Elastic Node Hardware
Overview
Contact: Alwyn Burger
In the Elastic Nodes project we are developing high-performance adaptive sensor nodes, generally using reconfigurable hardware such as Field Programmable Gate Arrays (FPGA) in combination with traditional 8-bit MCUs.
This project is primarily focussed on the development of high performance heterogenous embedded systems. This generally involves using reconfigurable hardware such as FPGAs as hardware accelerators for MCU-based systems. Since this hardware does not provide an optimised interfacing method, a hardware platform is being developed to simplify the deployment of heteroneous applications. Since the application should be split between the different processing nodes in the system, a middleware is being developed to simplify the exchange of data and control signals between the different components.
The more general goal of this project is to create a platform for developing a complex application that includes multiple hardware accelerations for an embedded system. This will commonly include a sophisticated data management system that is capable of simplifying the usage of the different data sources and sinks required for a heterogeneous system such as this. This will inevitably involve the interfacing of different data standards and protocol, ideally with a universal and convenient way to move data between the applicable components.
Current focus
The current objective is to develop additional applications to evaluate the usefulness of such a heterogenous platform. In order to leverage the increased performance capabilities, hardware accelerators need to be developed to execute various machine learning and computer vision based tasks. This also involves the development and design of a hardware system that is capable of the computations required as well as data acquisition through cameras and other input devices.
Open Projects
In the following you can find open research projects, that are suitable for students. If you are interested, please contact Alwyn Burger.

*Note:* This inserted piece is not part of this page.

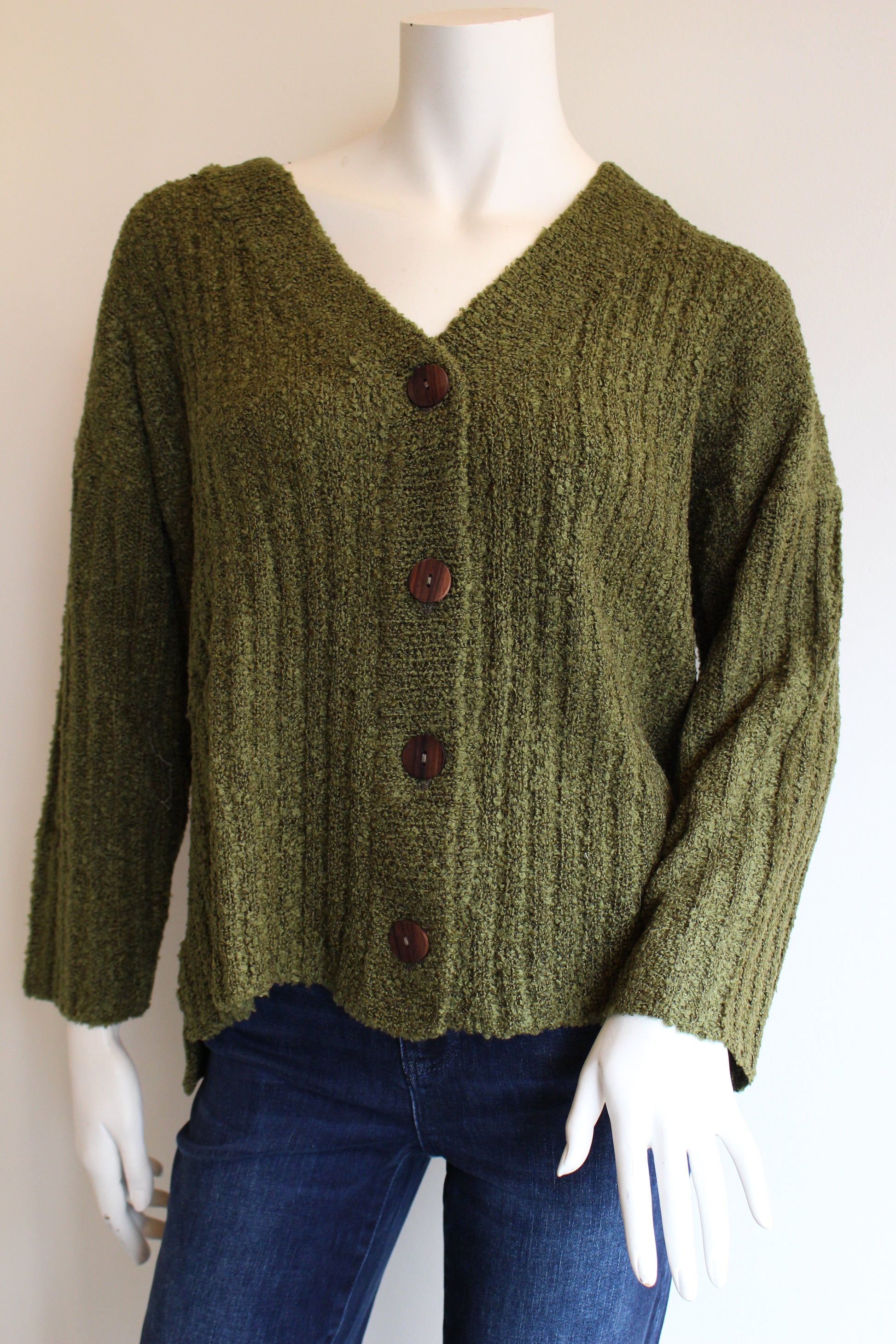 Island Tribe's famous boyfriend sweater is a luxurious chenille cardigan with beautiful coconut shell buttons. Wrap yourself in comfort and style with this exclusive piece. Perfect for those cool evenings and chilly morning

(Masters) Heterogeneous Network Visualiser
This project involves the design and implementation of a system visualiser for use in a distributed heterogeneous embedded system. By monitoring MQTT messages, relevant information should be extracted about present devices and their attributes. This then needs to be graphically represented using either a platform independent GUI or a web interface.

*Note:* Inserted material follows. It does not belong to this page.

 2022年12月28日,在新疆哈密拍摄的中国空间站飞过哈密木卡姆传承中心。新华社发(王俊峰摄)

The MQTT message format and the linked data representation it uses will be provided, meaning the focus will be on how best to present the data. A basic understanding of Linked Data is also advised.

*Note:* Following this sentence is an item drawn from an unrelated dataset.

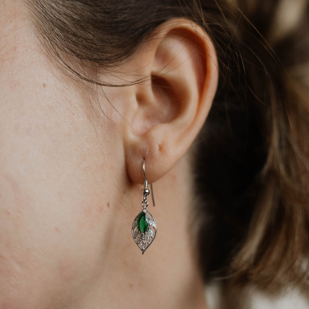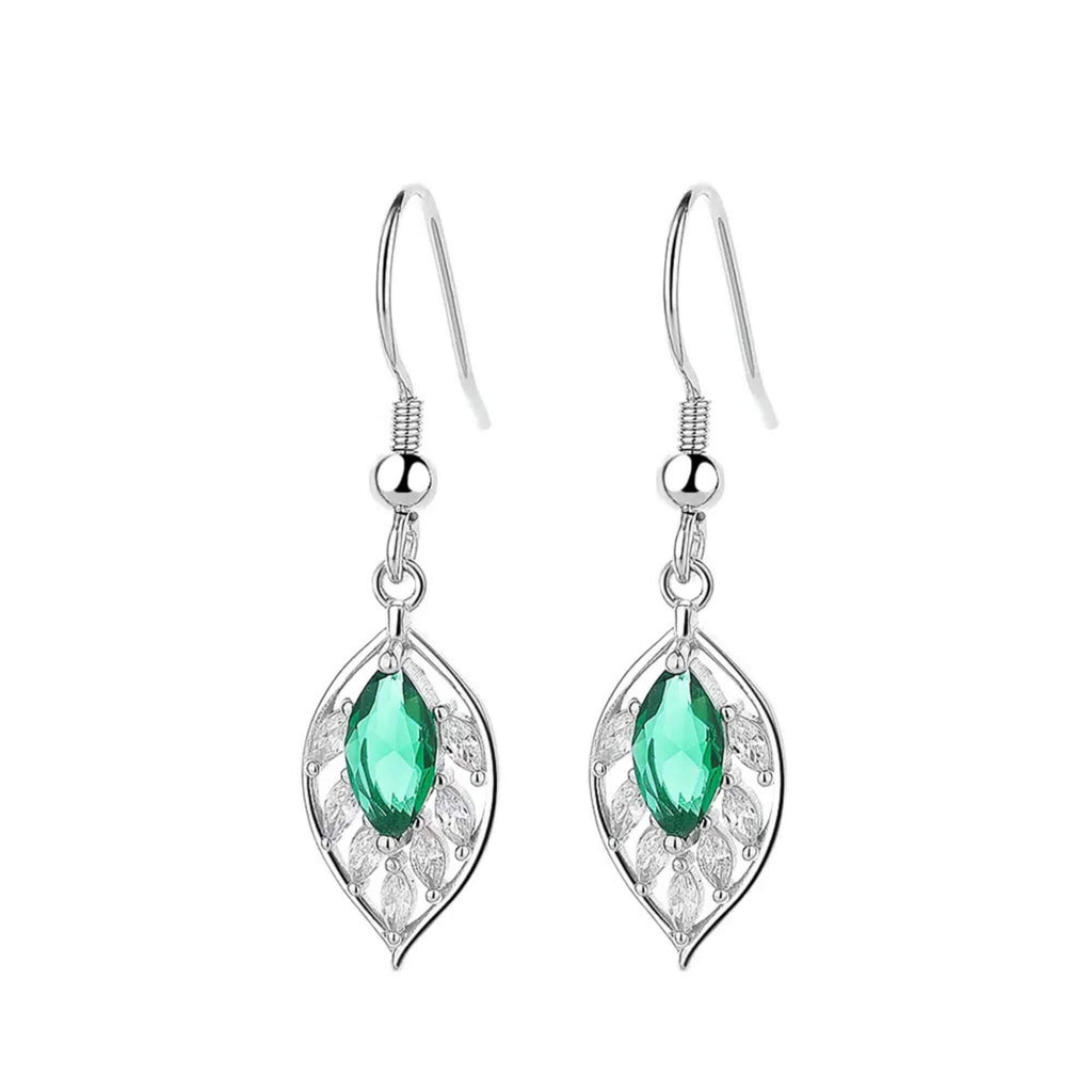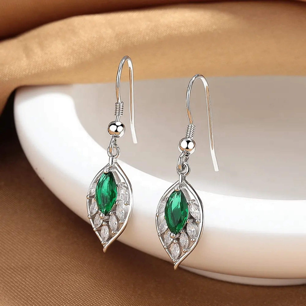 Een paar zilveren oorbellen die de essentie van de natuur prachtig vangen met een delicaat, op bladeren geïnspireerd ontwerp. In het midden van elke oorbel schittert een ovale, smaragdgroene zirkonia, die harmonie en vernieuwing symboliseert. Rondom het levendige middenstuk zitten subtiele zilveren accenten die een zachte, elegante sprankeling toevoegen. Perfect voor natuurliefhebbers of voor wie op zoek is naar een fris, elegant accessoire.

(Bachelors) Embedded Systems OS Evaluation
The primary task of this project is to evaluate the performance of a number of operating systems designed for embedded systems. It will involve compiling and possibly porting (to a minimal extent) at least two OSs such as RIOT and FreeRTOS to our hardware platform. The evaluation will be based on some basic calculations from an existing library that can provide an impression of the performance overhead of the different OSs.
This will involve predominantly C-based programming, as well as some basic timing techniques using an oscilloscope. Although existing experience and knowledge in embedded systems OSs would be beneficial, it is not required.
(Masters) Skeleton Generation for a Middleware System in FPGAs
The goal of this project is to develop a code generator that can convert a simple IDL (Interface Description Language) into VHDL or Verilog code to be used in an FPGA project that interfaces with an FPGA-based middleware. This will involve developing and evaluating the overhead of a skeleton that accepts generic byte streams and converts them to the data format specified in the IDL. Some specific suggestions will be provided for the IDL format to be used, but a formal definition will need to be developed.
Existing knowledge of middlewares in general is not required to complete this project, but a decent familiarity with VHDL or Verilog design for FPGAs is needed. Some scripting language like Python will doubtlessly be needed for efficiently generating the code base.
(Bachelors) OTA Updates through Bootloader on MCU
Bootloaders can greatly simplify the usage of MCUs by streamlining the task of updating firmware. The objective of this work is to extend the functionality of an existing open source bootloader (DFU) to allow remote updating (OTA). By using our existing communication module over 802.15.4, a message protocol will have to be designed and implemented that sends compiled MCU software to a device and stores it in the device's internal flash memory.
Although the bootloader itself is provided, it will need to be extended and therefore involves mostly MCU programming in C. Embedded Systems would be a useful lecture to have taken.
(Bachelors/Masters) Audio Capture Board Design
Capturing high quality audio on embedded systems can be challenging due to the limited operating frequency of the device. In this project you will have to design and build a daughterboard PCB that contains one or more microphones. The usage of a digital or analogue microphone should be investigated to find the best option for this application, in order to achieve the best capture possible.
This involves the design and assembly (not manufacturing) of a circuit that can connect to an existing MCU-based motherboard. It also involves at least basic embedded programming in C to capture the audio from the microphone and return it using an available USB connection.
(Bachelor) Power and Energy Monitoring for a Wireless Sensor Node
Power efficiency in battery-operated microcontrollers is essential for the design of the IoT. Being able to monitor this in real-time during deployment allows for much clearer insight into a system's performance. To achieve this, this project will aim to extend the design of our wireless node to include battery and power monitoring. An existing Motherboard node exists that can be extended using a daughterboard that includes this functionality.
This project involves mostly PCB design, after which the board will be manufactured by us. It will then need to be tested and a small piece of software should be developed to allow the application to query this information. Therefore, PCB design and some C programming will be essential skills for this project.